The international brokerage noted that the company’s surge in cement volumes were in line with expectations, while EBITDA beat estimates. It however highlighted that the company’s management indicated that fuel cost remained at Rs 1.60/kcal in Q4, and expects a a further 10-12% increase to Rs 1.76-1.80/kcal in the ongoing first quarter of FY27, implying continued cost pressure.
“On the capex front, guidance for FY27E stands at ~INR1.5bn, to be deployed towards RMC expansion, railway sidings, and initial work on the Meghalaya project, with management acknowledging a slowdown in capex and adopting a measured approach,” it added.
JM Financial on Shree Cement
JM Financial maintained its ‘Add’ rating on the stock, but increased its target price by nearly 3% to Rs 28,400 apiece, implying an upside potential of around 14% from the stock’s previous closing price.
The domestic brokerage said that it liked the firm’s better-than-estimated realisation, but did not like the higher than estimated costs. “Incorporating Q4 FY26 performance and improving profitability in UAE operations, we increase our FY27‒FY28E EBITDA estimates by 2-4%. However, lower depreciation guidance led to a sharp increase in EPS estimates,” it said.

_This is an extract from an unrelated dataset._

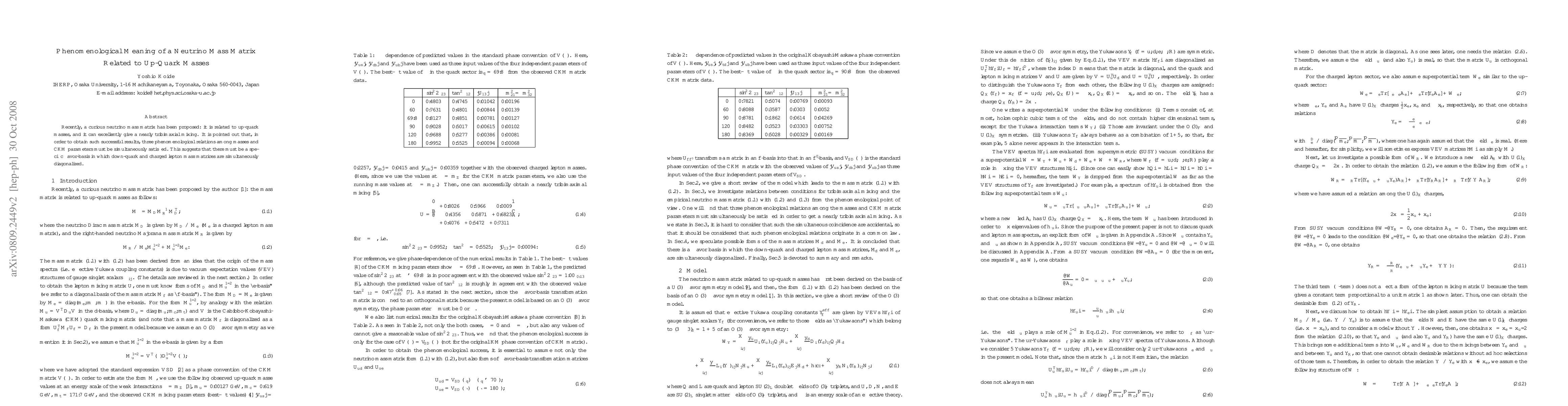 Recently, a curious neutrino mass matrix has been proposed: it is related to up-quark masses, and it can excellently give a nearly tribimaxial mixing. It is pointed out that, in order to obtain such successful results, three phenomenological relations among masses and CKM parameters must be simultaneously satisfied. This suggests that there must be a specific flavor-basis in which down-quark and charged lepton mass matrices are simultaneously diagonalized.
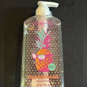 Achieve a natural-looking tan with ULTA Beauty's Clear Self Tan Gel. Infused with a delightful island pineapple scent, this gel features a vibrant pink and yellow design. Perfect for medium to deep skin tones.

Elara Capital on Shree Cement
Elara Capital maintained its ‘Buy’ call on the shares of Shree Cement, with a target price of Rs 31,171 apiece, implying an upside potential of nearly 25% from the previous closing price. The domestic brokerage said that the volume growth accelerated sharply and highlighted the firm’s strong net cash position of Rs 8,400 crore, ET Now reported.
Elara retained its positive stance on the company, citing premiumisation, green energy adoption and cost optimisation initiatives.